TALK: Ethics, Animality and Ahuman Theory
Patricia MacCormack (English, Communication, Film and Media, Anglia Ruskin University)
Tuesday, November 5 / 4:00 PM
McCune Conference Room, 6020 HSSB
This talk seeks to radically alter trajectories by which the term ‘animal’ is understood, both in nonhuman and human incarnations. It is founded on the urgent ethical imperative to think animality differently and beyond humanism in order to project ecosophical futures. It is premised on two key themes: an absolute critique and repudiation of speciesist discourse, and a desire to liberate subjectivity from human discourse and subjectification. The paper asks: what can the human be as its own animal, at once no longer fetishising non-human animals, and also giving up the majoritarian species category human toward ahuman theory — an ethics of absolute alterity? What takes us from human systems of thought, acknowledging ourselves as lives without the intervention of excluding and oppressive human discourse?

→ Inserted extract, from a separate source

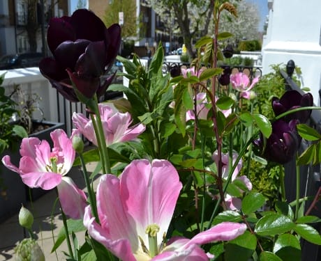 Pink and dark purple tulips in bloom fill a container gardening display beside a sidewalk and residential buildings on a sunny day.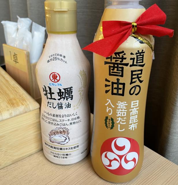 醤油にもこだわりがあり、「牡蠣だし醤油」と「日高昆布醤油」の2種類が用意されています。

The catalysts for this are limitless. Some examples could be found in certain forms of art encounters, libidinal events, abstraction, literary and filmic experiences, political activism, transgressive practices, ecosophical and chaosmotic becomings, any examples which take us to the outside. Ultimately the question of care toward material alterity, ethics and care is: “what makes possible our thinking beyond thought within a human episteme?” This question is one which must be addressed in order to truly liberate all organic bodies from oppression toward freedom of expressivity and becomings.
Patricia MacCormack’s principal research interests are in continental philosophy, particularly the works of Deleuze, Guattari, Irigaray, Foucault, Bataille, Serres, Lyotard and Blanchot and she has published extensively in these areas. She has also written on a diverse range of issues such as body modification, performance art, monster theory and European horror film.
Sponsored by the IHC’s The Value of Care series and the Leverhulme Trust.